Sequoia shook her head. “I couldn’t become some kind of junky eclipse chaser, throwing all of my money into traveling around the world following the eclipses for a few minutes here and there of that high.”
“So, instead you devoted your whole life to studying stars?” Amelia sounded skeptical of that trade, and for the first time, Sequoia wondered if her whole career had been nothing more than a pale imitation of what she’d really wanted to do: chase eclipses.
And yet, her career had brought her here. Up among the stars.
And just like those eight minutes of totality, this trip would end soon. And she couldn’t stand losing that feeling of being close to the stars once again. She’d been chasing that feeling her whole life.
“I… I don’t know what it is, really,” Sequoia mumbled, mostly to herself. “Was it the chill in the air? The twilight? And now, is it the zero gravity? Could I just go on vacation to Moonville Funpark and bounce in the low-gee chamber every couple of years? I mean, this drive, this compulsion I feel… it just doesn’t make sense…”
“That it’s really the stars pulling you toward them?” Amelia asked.
“Yeah, I mean, they’re all still just specks in the sky around us. Even when we’re up here with them.” Sequoia was as befuddled by her own obsession and the paradoxes within it as anyone else could be. She’d experienced it, growing with her as she’d grown up, but she still didn’t understand it: what pulled her so strongly toward the stars? Why wouldn’t anything else substitute for them?
Amelia’s voice lowered to a reverent whisper, and she said, “Has it ever occurred to you that the stars might not be what you’re looking for?”
“What?” Sequoia asked, confused. “What else do you think I could be looking for?”
“Humans,” Amelia said, and Sequoia had to stop herself from laughing.
The dog just sounded so serious, and she was so completely off-base. Sequoia had never cared two shakes of her tail about humans or what had happened to them.
But clearly, the dog cared. And finally, Sequoia understood why Amelia had been hanging over her shoulder all week, breathing down her neck, and just generally staying much too close. The dog was hoping beyond hope to get a glimpse of her gods.

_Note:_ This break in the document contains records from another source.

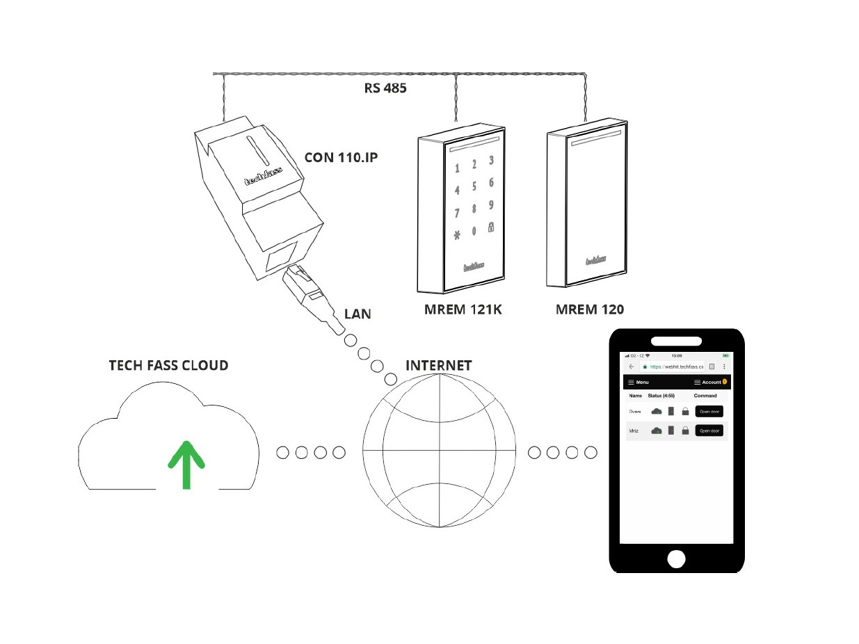 Cloudový konektor CON 110.IP je zařízení, které umožňuje konfiguraci, správu a management uživatelů systému APS mini Plus přes webové rozhraní. Pro svoji funkci potřebuje připojení k internetu přes rozhraní ethernet, připojení na RS 485 systému APS mini Plus a 12 V / 24 V stejnosměrné napájení. Vlastní konfigurace a správa probíhá ve webovém prohlížeči na webové stránce cloudu TECH FASS v aplikaci WebHit.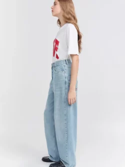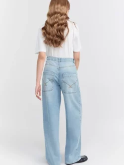 Confeccionada em jeans, a calça apresenta modelagem reta e comprimento longo. Com cintura média e lavagem especial, combina estilo e conforto. Possui cós reto, fechamento frontal com botão de metal e zíper, além de bolsos frontais e traseiros que completam o visual clássico e moderno da peça.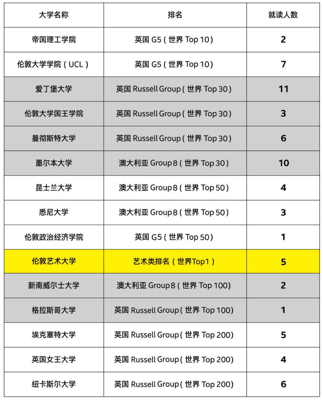 SACC英国课程中心部分毕业生大学录取情况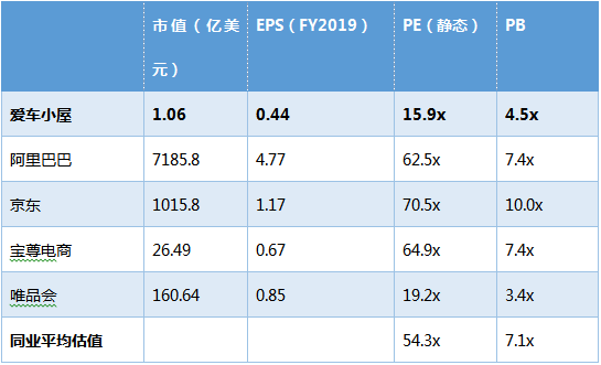 根据爱车小屋的招股信息,公司的招股价为6.5~7.5美元,合公开发售后市值区间为9815万~11325万美元。我们取平均数,则爱车小屋市值为1.06亿美元,对应15.9倍的静态估值。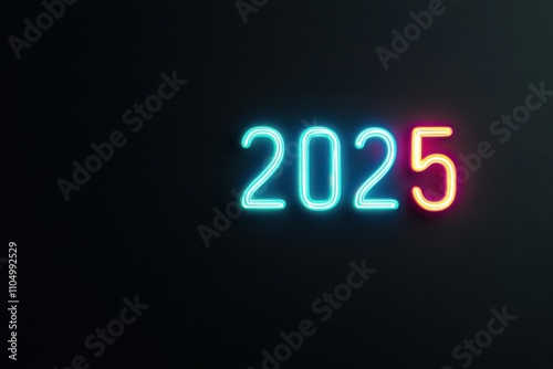 2025, new year, neon sign, dark background, vibrant, futuristic, celebration, light, electricity, glowing, number, numeral, colourful, bright, illuminated, nightlife, party, event, holiday, countdown, future, modern, design, graphic, decoration, festive, anticipation, hope, change, time, calendar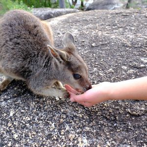 私たちの時は、たまたま道沿いの木にいたエリマキトカゲを見たり(よくもまあ運転中に見つけられたものです)、ロックワラビーの餌付けの場所で、飼われているニシキヘビを首に巻いて写真を撮ったり、いろいろな格好良いトカゲたちを触ったり、インコを乗せたりできました。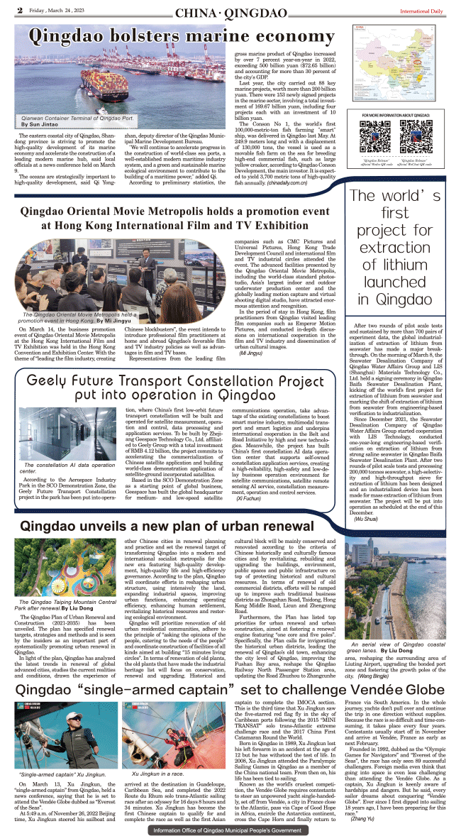 3/24-International Daily News CHINA.QINGDAO 2023/3/24 source: International daily Print

Sequoia shook her head, trying to do so as kindly and gently as she could. “No,” she said. “No, it’s not that.”
Amelia smiled condescendingly. “You say that, but how can you know? They’re out here somewhere, and even if you’re not thinking about them consciously… your spirit may be drawn to them. That’s completely understandable. I feel it too. But you know, they don’t want to be found, don’t you? When we’re ready for them, they’ll come back to us. The scriptures tell us that. Until then… It’s just hubris that keeps us looking, and we’re never going to find them. Not until they think we’re ready.”
Sequoia sighed, suddenly feeling the full weight of her exhaustion settle upon her. Religious dogs made her feel very tired.
Or… wait… was that… gravity?
“Why are we being pulled to the bottom of the ship?” Sequoia asked, trying not to panic as gravity pushed her gently down against her bunk. Sudden sensations of gravity in the middle of empty space could not be a good sign.
Then one of the mouse’s voices came over the ship-wide intercom: “Sorry everyone! What you’re feeling right now is a side effect of the artificial gravity generator that we engineers — who’ve been at loose ends all week — have been building in the cargo bay. We didn’t realize it would kick into effect as soon as we finished wiring it up, or we would have warned you all!”
Sequoia heard a string of half-hissed, half-growled swear words and other invectives echo down the hallways. It sounded like Captain Kipper had just realized half of her crew had gone rogue and started building dangerously untested devices in the middle of deep space.
Sequoia didn’t know if it was the sudden chaos — which reminded her soothingly of being a kit with her parents arguing about nothing much in the other room, knowing they were in charge and would take care of whatever was bothering them — or the gentle press of gravity, but finally, she was able to fall asleep.